Layer-wise Quantization for Quantized Optimistic Dual Averaging
This work addresses efficiency challenges in distributed training for deep learning, offering a domain-specific improvement for handling layer heterogeneity.
The paper tackles the problem of heterogeneous layers in deep neural networks by developing a layer-wise quantization framework with tight bounds and applying it to distributed variational inequalities, resulting in a novel Quantized Optimistic Dual Averaging algorithm that achieves up to a 150% speedup in training time for Wasserstein GAN on 12+ GPUs.

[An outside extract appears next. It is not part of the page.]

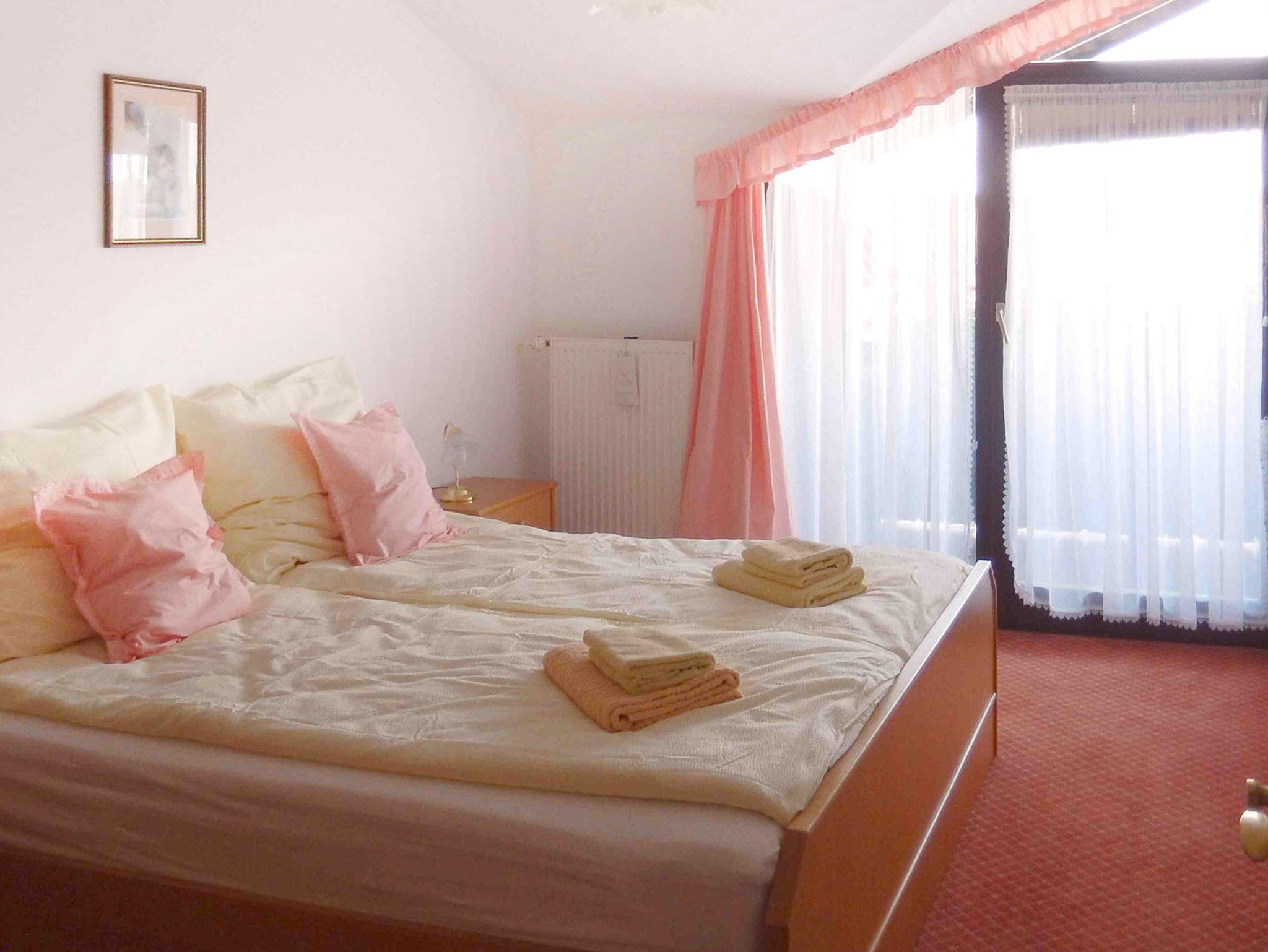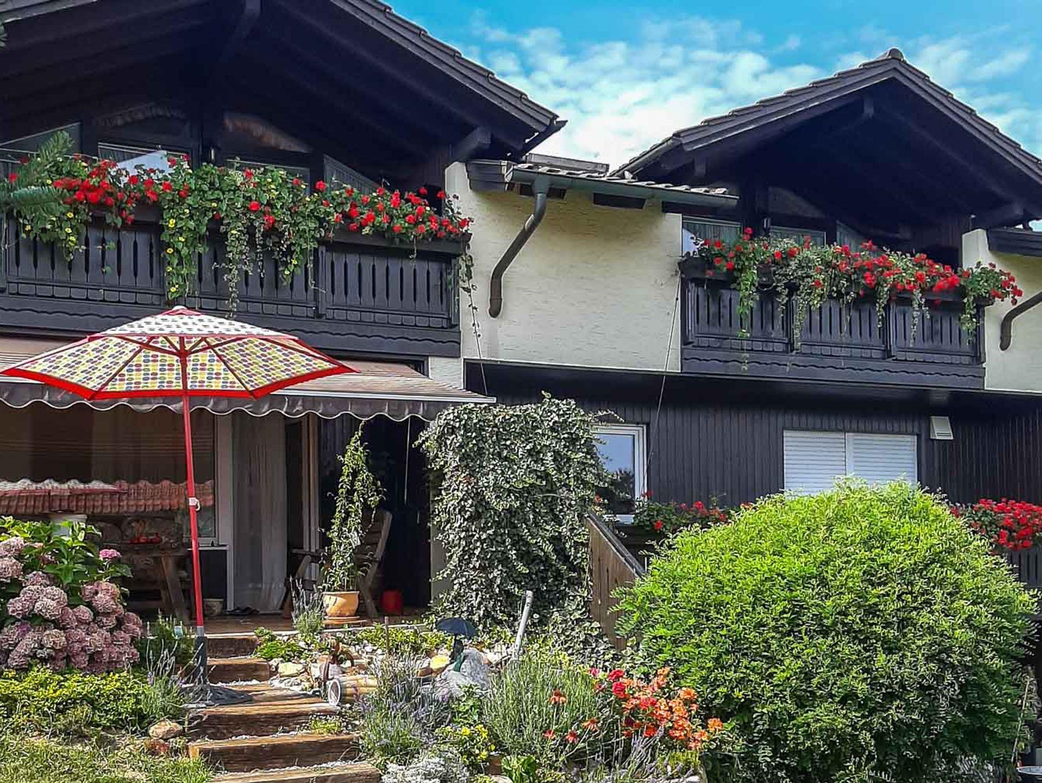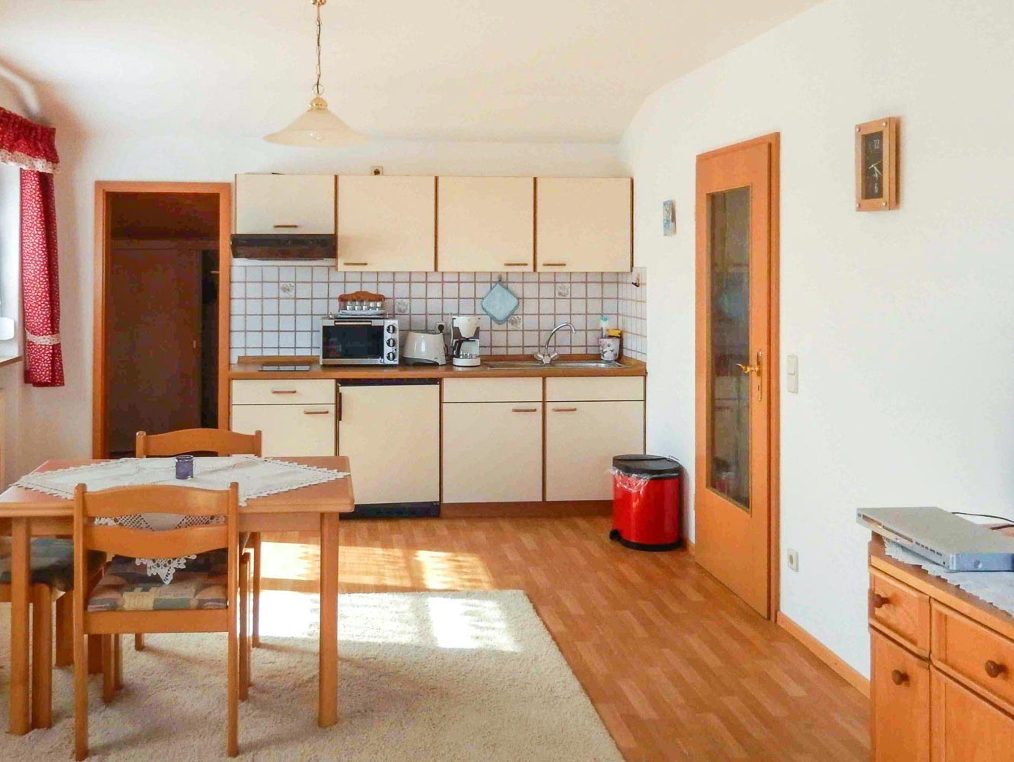 Die Ferienwohnung eignet sich für 5 Personen. Neben einem Schlafzimmer mit Doppelbett steht ein weiteres Zimmer mit einem Einzelbett zur Nutzung bereit. Wohn-Schlafraum mit Schlafcouch für 2 Personen. Der Essbereich/Küche bietet genügend Platz und Komfort zum Kochen, dafür stehen ein modernes Induktionskochfeld, als auch ein kleiner Pizza-Ofen zum Backen zur Verfügung. Aber auch für Unterhaltung ist gesorgt. Relaxen Sie vor dem Fernseher, sehen eine DVD oder lesen ein gutes Buch auf der gemütlichen Couch. Ebenso bietet Ihnen WLAN einen abwechslungsreichen Zeitvertreib. Vom Wohnbereich aus gelangen Sie auf den Balkon, bestückt mit Gartenmöbeln und haben bei klarer Sicht einen wunderbaren Ausblick bis nach Österreich. Das Badezimmer ist ausgestattet mit einer Duschkabine .

Modern deep neural networks exhibit heterogeneity across numerous layers of various types such as residuals, multi-head attention, etc., due to varying structures (dimensions, activation functions, etc.), distinct representation characteristics, which impact predictions. We develop a general layer-wise quantization framework with tight variance and code-length bounds, adapting to the heterogeneities over the course of training. We then apply a new layer-wise quantization technique within distributed variational inequalities (VIs), proposing a novel Quantized Optimistic Dual Averaging (QODA) algorithm with adaptive learning rates, which achieves competitive convergence rates for monotone VIs. We empirically show that QODA achieves up to a $150\%$ speedup over the baselines in end-to-end training time for training Wasserstein GAN on $12+$ GPUs.